§ Source material:
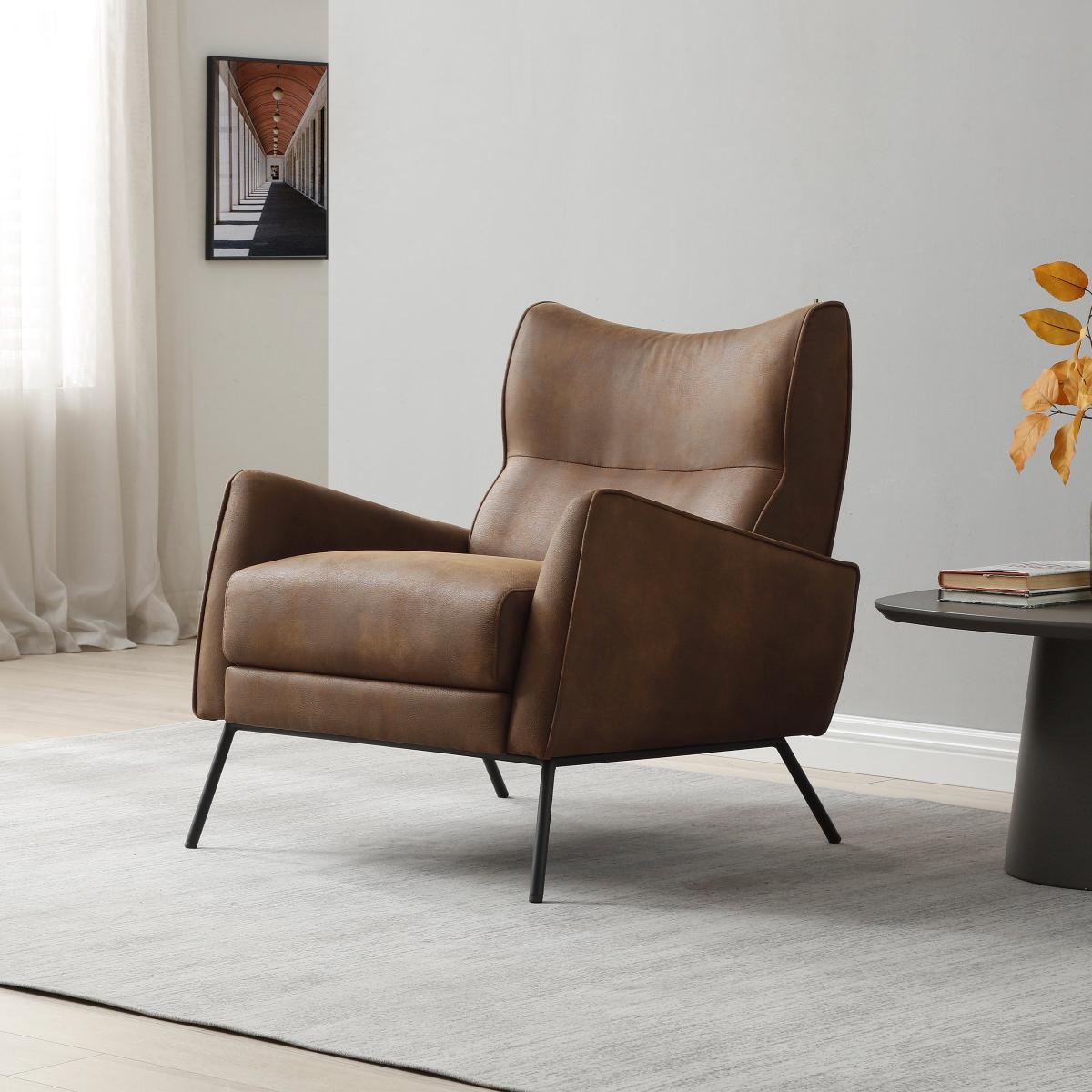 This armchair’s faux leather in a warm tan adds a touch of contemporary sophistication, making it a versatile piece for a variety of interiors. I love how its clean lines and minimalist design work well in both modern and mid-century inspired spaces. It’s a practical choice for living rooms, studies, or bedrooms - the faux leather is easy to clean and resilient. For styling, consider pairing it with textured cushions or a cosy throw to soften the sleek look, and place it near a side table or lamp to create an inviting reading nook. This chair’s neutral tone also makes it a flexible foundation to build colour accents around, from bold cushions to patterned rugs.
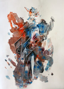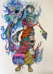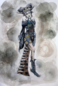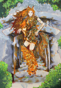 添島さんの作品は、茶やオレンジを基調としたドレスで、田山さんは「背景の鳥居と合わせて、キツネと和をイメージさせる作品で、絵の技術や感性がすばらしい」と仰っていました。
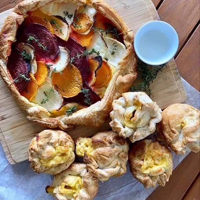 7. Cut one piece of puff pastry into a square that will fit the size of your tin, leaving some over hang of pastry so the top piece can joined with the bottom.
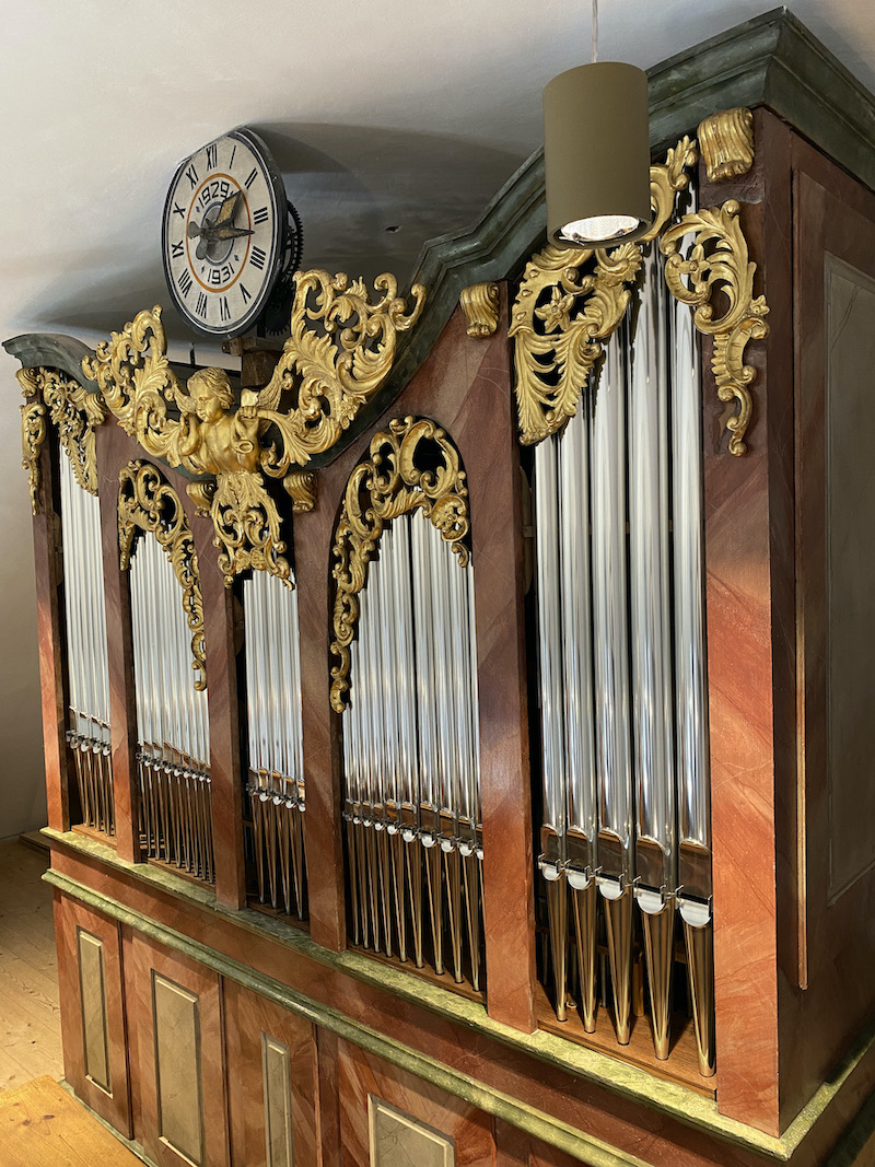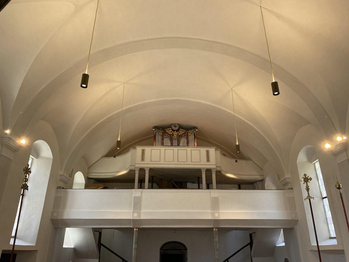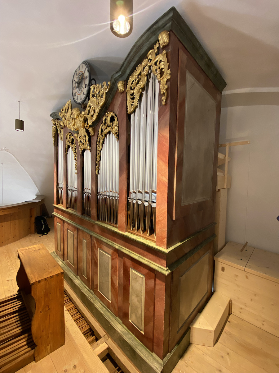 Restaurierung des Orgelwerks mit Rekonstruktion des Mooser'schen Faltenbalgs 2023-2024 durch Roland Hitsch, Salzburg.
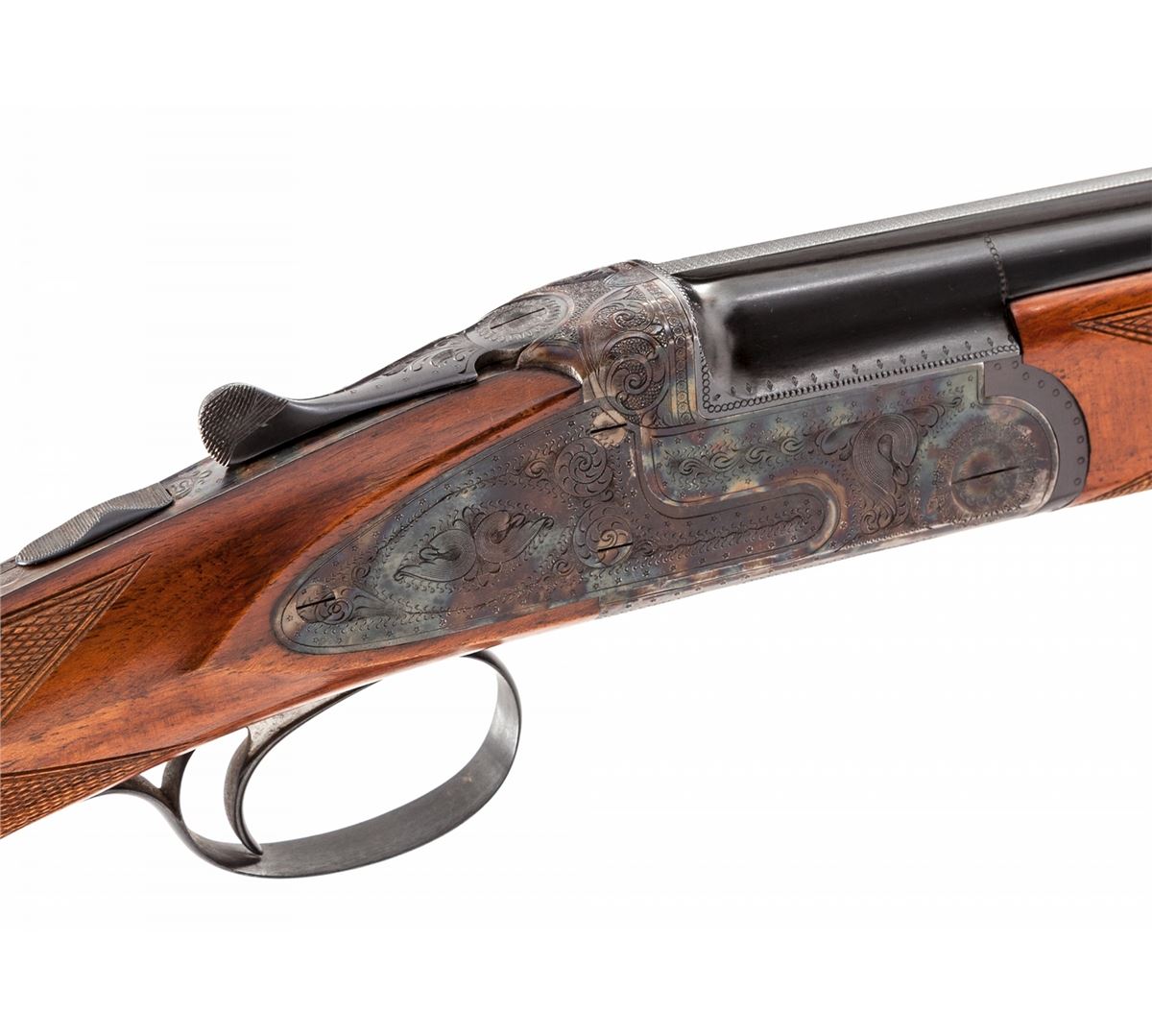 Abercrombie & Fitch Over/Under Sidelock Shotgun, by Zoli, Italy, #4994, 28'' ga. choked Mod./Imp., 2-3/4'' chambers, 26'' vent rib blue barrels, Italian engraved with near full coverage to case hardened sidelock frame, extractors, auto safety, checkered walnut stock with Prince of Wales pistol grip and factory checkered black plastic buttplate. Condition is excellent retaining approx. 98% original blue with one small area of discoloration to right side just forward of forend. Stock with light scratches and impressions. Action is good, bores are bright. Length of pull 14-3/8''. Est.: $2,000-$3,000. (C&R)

==

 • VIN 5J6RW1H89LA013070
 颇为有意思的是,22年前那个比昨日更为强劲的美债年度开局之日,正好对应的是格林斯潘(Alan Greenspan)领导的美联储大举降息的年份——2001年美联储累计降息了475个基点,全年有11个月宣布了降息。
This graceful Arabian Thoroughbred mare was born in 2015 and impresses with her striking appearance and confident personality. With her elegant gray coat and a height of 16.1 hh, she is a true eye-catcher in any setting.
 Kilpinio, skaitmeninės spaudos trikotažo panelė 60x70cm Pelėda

§ What you have to do:
In the material above, the stretch from the line with "Restaurierung des Orgelwerks" through the line with "Abercrombie & Fitch" is to be given again exactly, minus the pictures.

§ Solution for this problem:
 Restaurierung des Orgelwerks mit Rekonstruktion des Mooser'schen Faltenbalgs 2023-2024 durch Roland Hitsch, Salzburg.
 Abercrombie & Fitch Over/Under Sidelock Shotgun, by Zoli, Italy, #4994, 28'' ga. choked Mod./Imp., 2-3/4'' chambers, 26'' vent rib blue barrels, Italian engraved with near full coverage to case hardened sidelock frame, extractors, auto safety, checkered walnut stock with Prince of Wales pistol grip and factory checkered black plastic buttplate. Condition is excellent retaining approx. 98% original blue with one small area of discoloration to right side just forward of forend. Stock with light scratches and impressions. Action is good, bores are bright. Length of pull 14-3/8''. Est.: $2,000-$3,000. (C&R)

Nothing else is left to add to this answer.